→ **Exercise objective**:
Pictures do not belong in your copy. Repeat all the other data exactly.

→ **Given information**:
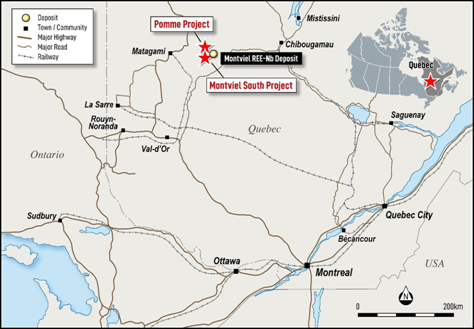 New Frontier Minerals Ltd (LSE and ASX: NFM) is pleased to announce that it has entered into a binding option and earn-in agreement providing NFM with the right to acquire a majority (90%) interest in the Pomme REE Project from Australian-listed company Metallium (ASX: MTM), which is located approximately 500 km northwest of Montréal in Québec around 100 km from the service town of Lebel-sur-Quévillon. The Pomme Project consists of 43 mineral claims, covering 2,400 ha. NFM holds the exclusive and binding option to acquire 90% of the Pomme REE-Nb project.
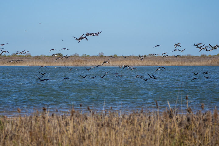 2025年11月13日,山东黄河三角洲国家级自然保护区内,候鸟在飞翔。新华社记者 朱峥 摄
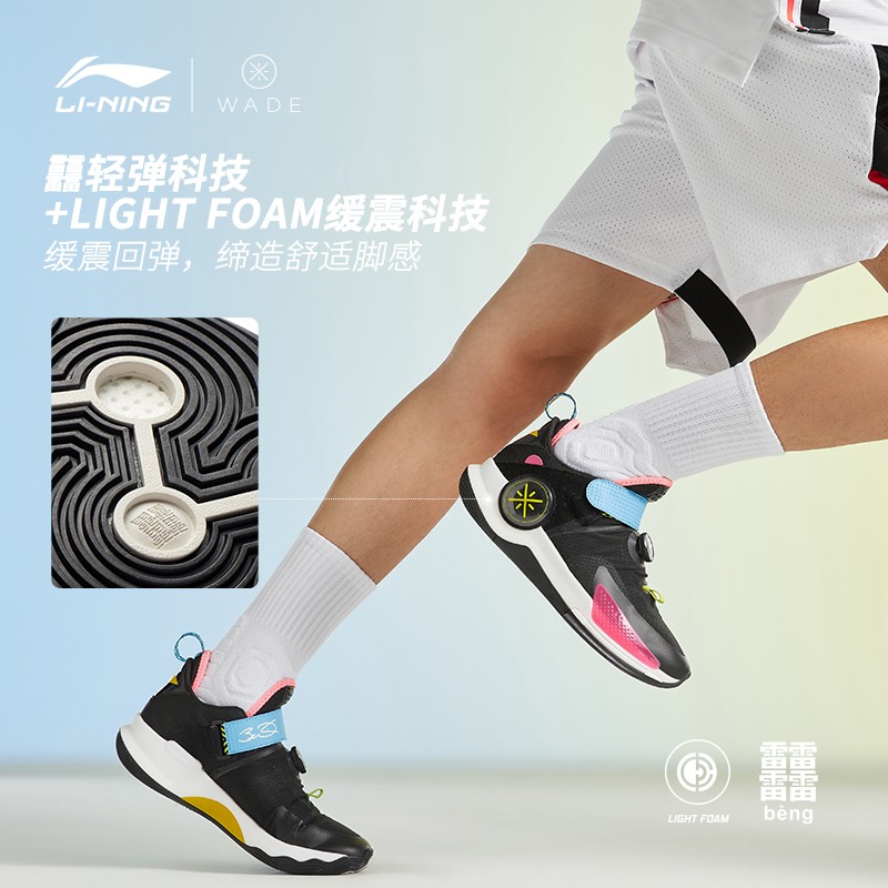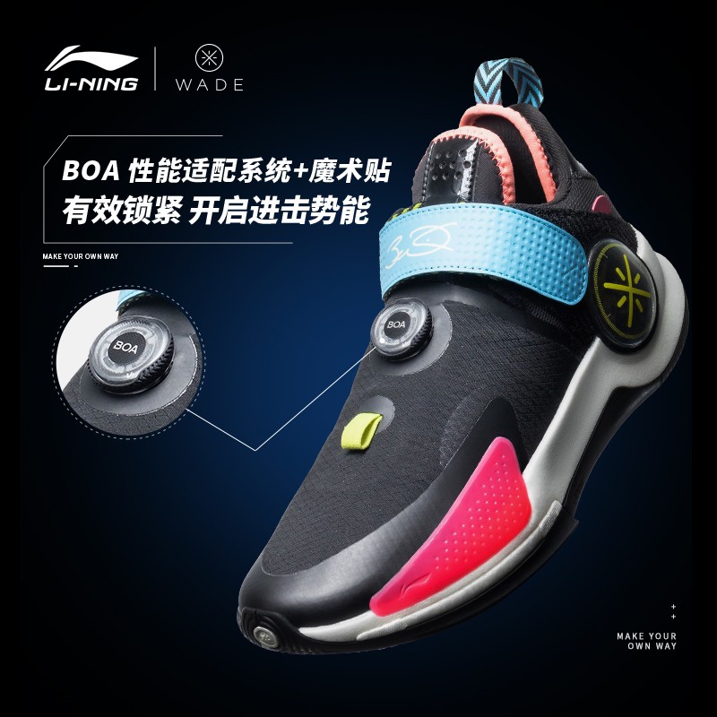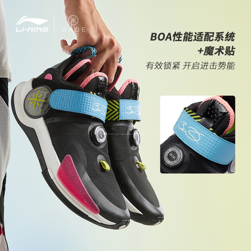韦德裂变7-V2,延续韦德之道正代设计语言,前掌内置䨻轻弹科技+LIGHT FOAM 缓震科技,缓震回弹,缔造舒适脚感。鞋面采用科技网布,提升球鞋透气性结合BOA旋钮鞋带系统及魔术贴设计,深纹路大底,从容应战。

→ **Response to the task**:
 New Frontier Minerals Ltd (LSE and ASX: NFM) is pleased to announce that it has entered into a binding option and earn-in agreement providing NFM with the right to acquire a majority (90%) interest in the Pomme REE Project from Australian-listed company Metallium (ASX: MTM), which is located approximately 500 km northwest of Montréal in Québec around 100 km from the service town of Lebel-sur-Quévillon. The Pomme Project consists of 43 mineral claims, covering 2,400 ha. NFM holds the exclusive and binding option to acquire 90% of the Pomme REE-Nb project.
 2025年11月13日,山东黄河三角洲国家级自然保护区内,候鸟在飞翔。新华社记者 朱峥 摄
韦德裂变7-V2,延续韦德之道正代设计语言,前掌内置䨻轻弹科技+LIGHT FOAM 缓震科技,缓震回弹,缔造舒适脚感。鞋面采用科技网布,提升球鞋透气性结合BOA旋钮鞋带系统及魔术贴设计,深纹路大底,从容应战。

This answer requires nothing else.